A commercial for the HTC U11 has been banned because it’s not feasible for the phone to safely replicate the activity being portrayed.
The advert, originally published in mid-2017, shows British Olympic diving medalist Tom Daley using the HTC U11 to take selfies of himself mid-dive, using the phone’s squeezable edges. The advert shows Daley taking selfies of multiple dives, and implies that the athlete consistently dunks the phone in the diving pool. While the HTC U11 is water-resistant, that resistance is for fresh water, and HTC admit that the varied temperatures and chemical compositions of chlorinated pool water made it impossible to guarantee the U11 would not be harmed in real-life use.
Furthermore, the phone is only IP67 rated and water-resistant of depths up to 1 meter, making this stunt even harder to pull off for a layman. HTC attempt to address this at the end of the advert, pointing out that Daley is a professional and his stunts shouldn’t be replicated, and that he held the phone above his head to avoid immersion of the phone below a meter. The British Advertising Standards Authority (ASA) did not consider this to be clear enough, and upheld the complaint, ordering the advert be removed from the company’s social media accounts.

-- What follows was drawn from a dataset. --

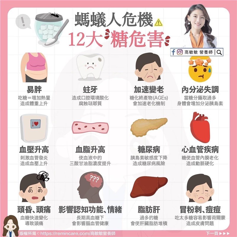 「螞蟻人」不可不知 12種糖危害 陳玲芳 |2022.11.02 語音朗讀 4702觀看次 字級 大 中 小 滿桌精緻甜點,是否讓你食指大動?營養師提醒,常吃甜食除了會「變胖」之外,「糖」還有許多不為人知的危害。圖/pexels 【記者陳玲芳台北報導】你是「嗜甜如命」的「螞蟻人」嗎?雖然也知道吃太多糖,很容易「橫向」發展,但就是無法不將「甜點」列為個人紓解身心壓力的「療癒」聖品。營養師高敏敏說,其實,很多人可能忽略了,常吃甜食除了會「變胖」之外,糖還有許多不為人知的危害。高敏敏歸納、列舉「12種糖危害」如下:1.易胖:吃糖,等於增加熱量,造成體重上升。2.蛀牙:造成口腔環境酸化,腐蝕牙齒琺瑯質。3.加速變老:糖化終產物(AGEs) 會加速老化機制。4.內分泌失調:當糖分攝取過多,身體會增加分泌胰島素。5.血壓升高:刺激血管發炎,造成血壓上升。6.血脂升高:使血液中的三酸甘油脂濃度提升。7.糖尿病:胰島素敏感度下降,造成糖尿病風險。8.心血管疾病:糖使血管內膜老化,造成動脈硬化。9.頭昏、頭痛:血糖快速變化,導致頭痛。10.影響認知功能與情緒:長期高血糖下,會影響腦血管健康。11.脂肪肝:過多的糖,會使肝臟脂肪堆積。12.冒粉刺、痘痘:吃太多糖,容易影響荷爾蒙,造成皮膚問題。圖/高敏敏營養師提供「凡人如我,真的想吃甜的,一天可以吃多少糖?」高敏敏引述衛福部建議,每日飲食中添加精製糖的攝取量,不宜超過總熱量的10%,如果能降至小於5%更好!「那要怎麼計算呢?」高敏敏說,大家可以參考表格,換算自己每天可以吃的糖量。以總熱量1200kcal為例,每日的10%建議糖攝取量為30克;5%建議的糖攝取量則為15克。她指出,一顆方糖約等於5克糖量;而用手搖飲舉例,大家可能更有概念。無糖:0顆方糖,等於0克;3分糖:約3顆方糖,等於15克糖;半糖:約5顆方糖,等於25克糖;7分糖:約7顆方糖,等於35克糖;全糖:約10顆方糖,等於50克糖。(實際仍以每家手搖飲公布的含糖量為準)衛福部國人每日建議糖攝取量為30克;全糖飲料如珍珠奶茶,約含有10顆方糖,亦即50克糖,因此「一杯就超標」。圖/pexels甜食美味 淺嚐即止而「糖」的定義非常多元,蜂蜜、黑糖也是糖,這些糖都要納入每日糖量計算。含糖食物雖然很美味,但只能偶一為之、淺嘗即止,「適量」真的很重要。高敏敏提醒,嗜甜的螞蟻人要多注意,最好能儘量以天然水果(甜度也不宜過高),代替糖果、蛋糕等甜食,用白開水或無糖茶飲,取代含糖飲料。 前一篇文章 不讓視力惡化青暝 糖友不能輕忽5徵兆 下一篇文章 睡到一半痛醒 「心血管痙攣」惹禍 熱門新聞 01【印象旅人】阿里山森鐵首航記2026.04.1102人口持續減少 今年新生兒恐跌破9萬 2026.04.1103螢光花泉季 卡比胖拉超療癒2026.04.1104鄭習會 鄭:兩岸和平制度化2026.04.1105【口腔健康攸關長壽】 張添皓:從齒啟動全身保健2026.04.1106【養眼專欄】 糖尿病為何讓視力忽近忽遠?2026.04.1107洗衣機新過濾系統 捕捉9成微塑膠2026.04.1108MLB太空人打敗洛磯 鄧愷威中繼成功2026.04.1609佛光大佛供奉法華塔與《法華經》信仰意涵2026.04.1210紐約曼哈頓 豆梨花盛開2026.04.11 訂閱電子報 台北市 天氣預報 台灣一週天氣預報 相關報導 母捐肝父捐腎 台大醫院完成罕病童器官移植45%失智症可預防 類黃酮食物護大腦春夏交替 過敏兒噴嚏、搔癢不停脂肪肝成新國民病 減重搭配藥物治療頭髮變脆弱 不當習慣加重掉髮橄欖油可防動脈硬化 留鉀排鈉降低高血壓 作者其他文章【口腔健康攸關長壽】 張添皓:從齒啟動全身保健守護孩子聲命 純音聽力檢查是關鍵清明養生疏肝解鬱 玫瑰花茶調肝降火6神穴舒筋止痛 中醫養生兼抗老助眠把握遠視儲備期 防兒童近視惡化齒列矯正冒黑縫 黑三角真相

In a direct statement, the ASA said: “While we acknowledged that a professional Olympic athlete such as Tom Daley would be able to dive from a 10-metre high diving board and keep within the one-metre distance required, we considered it unlikely that a consumer attempting something similar would be able to avoid being submerged to a depth which did not exceed, even briefly, that measurement. […] Because consumers were likely to understand that the product could deliberately be submerged in a swimming pool and that no precautions were required to be taken after it had been immersed to preserve the product’s performance, and because that was not the case, we concluded that the ad exaggerated the capability of the product and was misleading.”
While the advert has currently been removed from the original YouTube account, it’s still possible to view the video on other YouTube channels not directly affiliated with HTC.